→ **What you need to do**: Only the lines from the start of the data below through the line that contains "Uhr (h = 76,9°) |" are to be copied, exactly and without pictures.

→ **Entries supplied**:

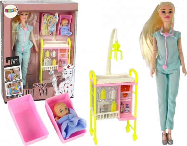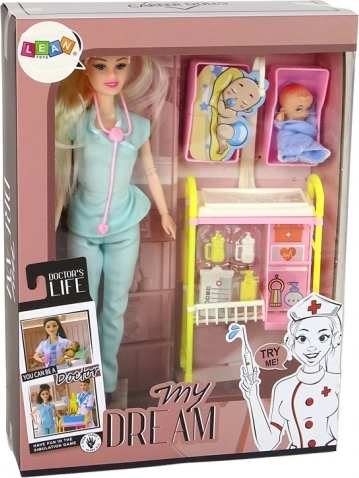 Pregătiți-vă pentru lumea fascinantă a medicinei cu această păpușă excepțională. Îmbrăcată într-o ținută medicală tipică și cu păr lung de culoare blondă, aduce o atmosferă autentică fiecărui joc. Stetoscopul roz adaugă realism, în timp ce accesoriile incluse, precum micuțul sau căruciorul medical, susțin jocul creativ.
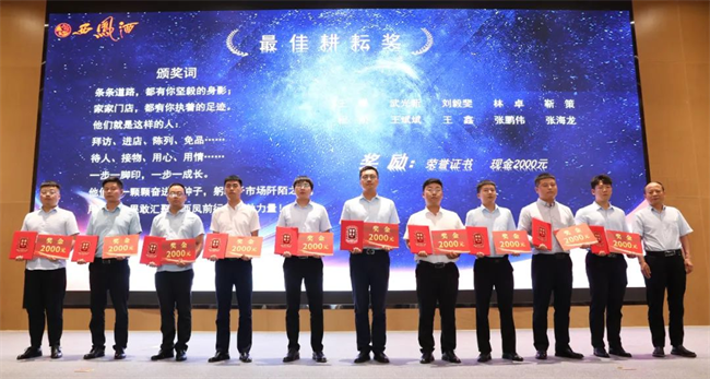 西凤股份公司市场管理部部长齐红军为最佳耕耘奖获得者颁发荣誉证书与奖金
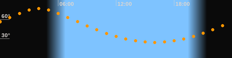 | Höchster Stand (Kulmination) | 04:00 Uhr (h = 76,9°) |
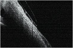A simple approach to measure the tear film depth beneath a contact lens (or central vault) is to compare the tear film thickness to that of the contact lens. When you instill sodium fluorescein (NaFl) into the bowl of the scleral lens prior to application and then observe the lens on the eye with an optic section viewed centrally, you will first see (going from anterior to posterior) the pre-lens tear film as a thin layer of green tear film fluorescence that is about 50 microns thick. Then, you will see a dark zone, which is the contact lens. Finally, you will observe another area that fluoresces with NaFl. This represents the post-lens/pre-corneal tear film. By comparing the thickness of this layer to the thickness of the contact lens, you can estimate the amount of vault in microns. Check with your contact lens fabricator for the exact thickness of the lens that you are evaluating (or you can verify its thickness in-office).
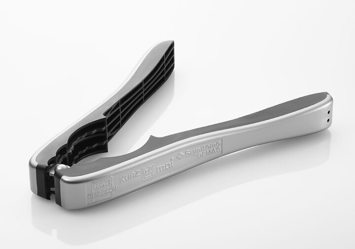 The manufacturing cell consisted of a Sumitomo (SHI) Demag Systec Servo 210 injection molding machine, a 6-axis MH12 robot from Yaskawa with a multiple gripper system and hot-handling for the UD tapes, as well as unloading stations for the graphic overlays and the metal inlays. Also integrated into the cell were a heating and unloading station for the UD tapes, a cutting station for sprue removal and a riveting station for joining the two halves of the nutcracker.
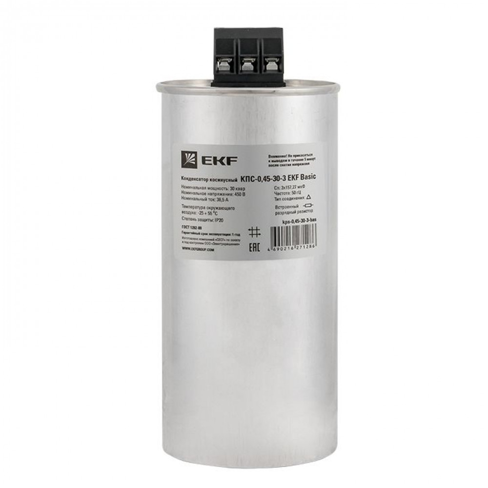 Описание Конденсатор косинусный КПС-0,45-30-3 EKF Basic
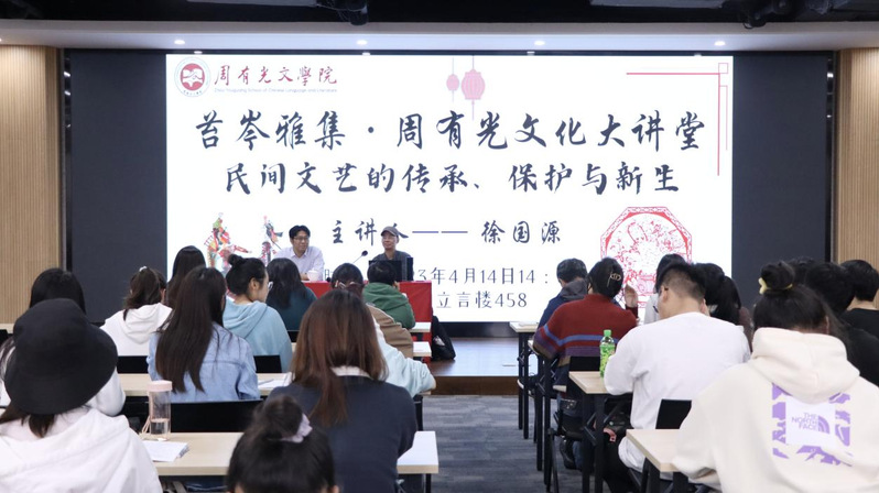 4月14日下午,苏州大学85po 教授、博导徐国源应85po “苔岑雅集·周有光文化大讲堂”第二十二期邀请,在立言楼458为85po 师生作了题为“民间文艺的传承、保护与新生”的学术讲座。学院党总支书记焦洁庆、院长葛金华、院长助理董文康出席活动,近200名师生参与聆听。院长葛金华主持讲座。
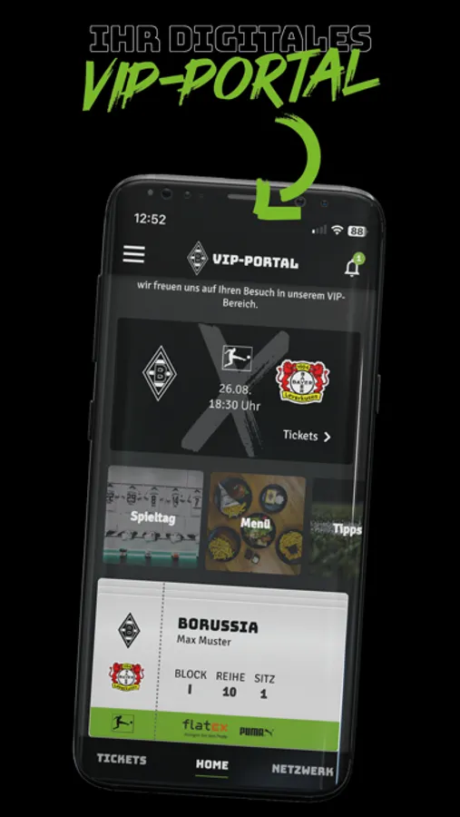 - Spieltagsmodus mit allen relevanten Informationen rund um Ihren VIP-Bereich im BORUSSIA-PARK
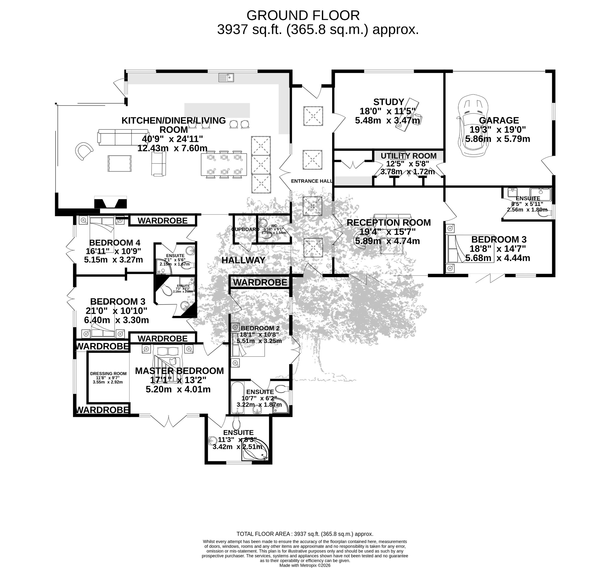 Accommodation comprises five well-appointed bedroom suites, each offering a private and comfortable retreat. This layout provides excellent flexibility, whether for a growing family, guests, or creating dedicated home office spaces. The design ensures privacy and convenience for all occupants.
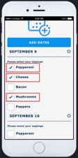 8) Tap on the form options you would like to select for the first date you have selected and continue to scroll up to select options for additional dates.
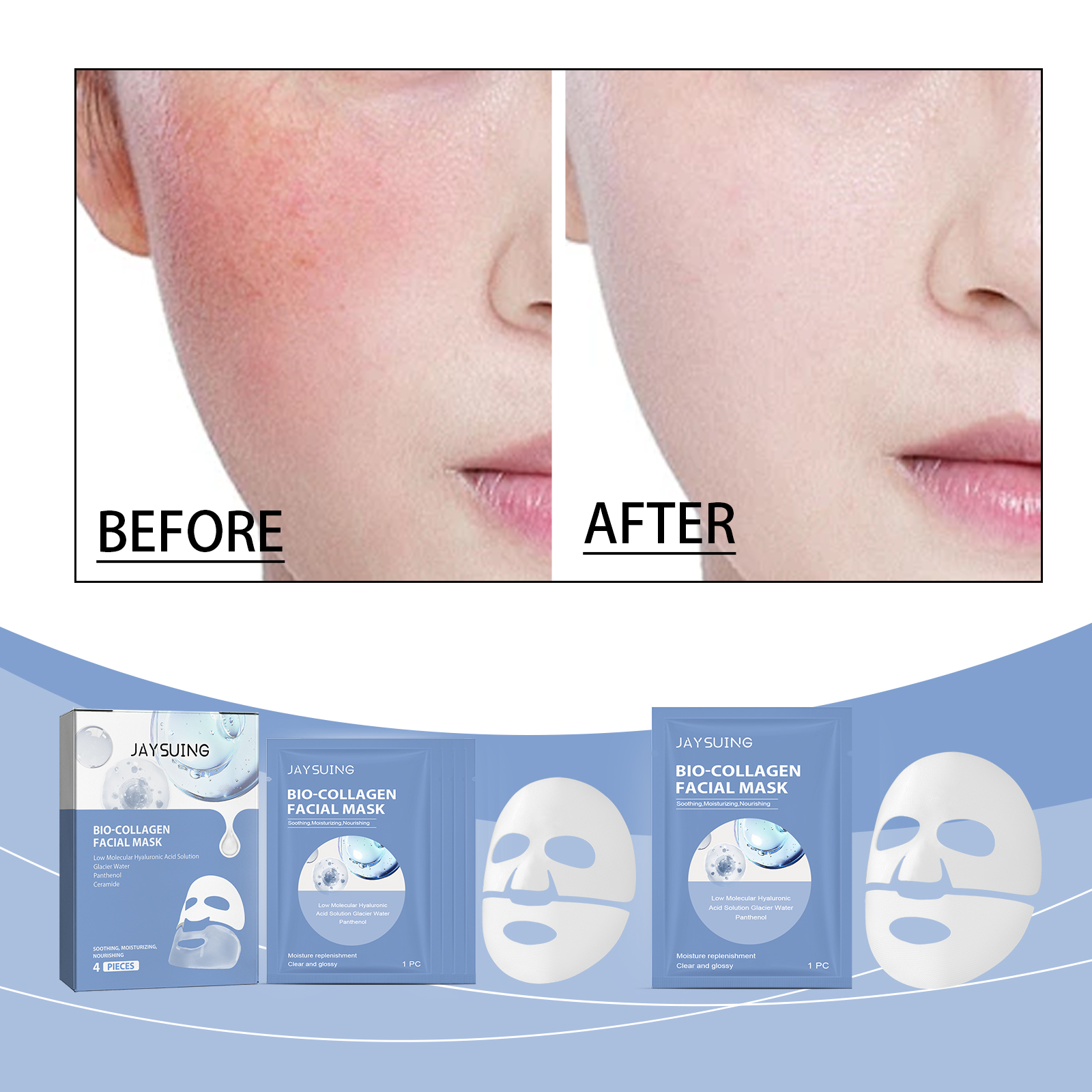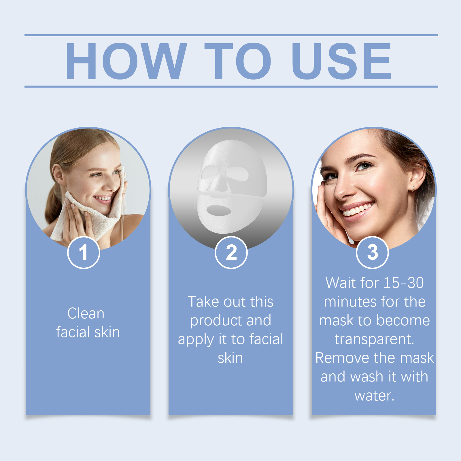 Our collagen soothing and moisturizing mask contains panthenol and glycerin. It can effectively lighten the complexion and make the skin even and bright. Its application method is very simple: clean the facial skin, take out the product, apply on the facial skin, wait 15-30 minutes after the mask becomes transparent, remove the mask with clean water. And can help the skin, deep nourishment and improve elasticity.

→ **Solved problem**:
 Pregătiți-vă pentru lumea fascinantă a medicinei cu această păpușă excepțională. Îmbrăcată într-o ținută medicală tipică și cu păr lung de culoare blondă, aduce o atmosferă autentică fiecărui joc. Stetoscopul roz adaugă realism, în timp ce accesoriile incluse, precum micuțul sau căruciorul medical, susțin jocul creativ.
 西凤股份公司市场管理部部长齐红军为最佳耕耘奖获得者颁发荣誉证书与奖金
 | Höchster Stand (Kulmination) | 04:00 Uhr (h = 76,9°) |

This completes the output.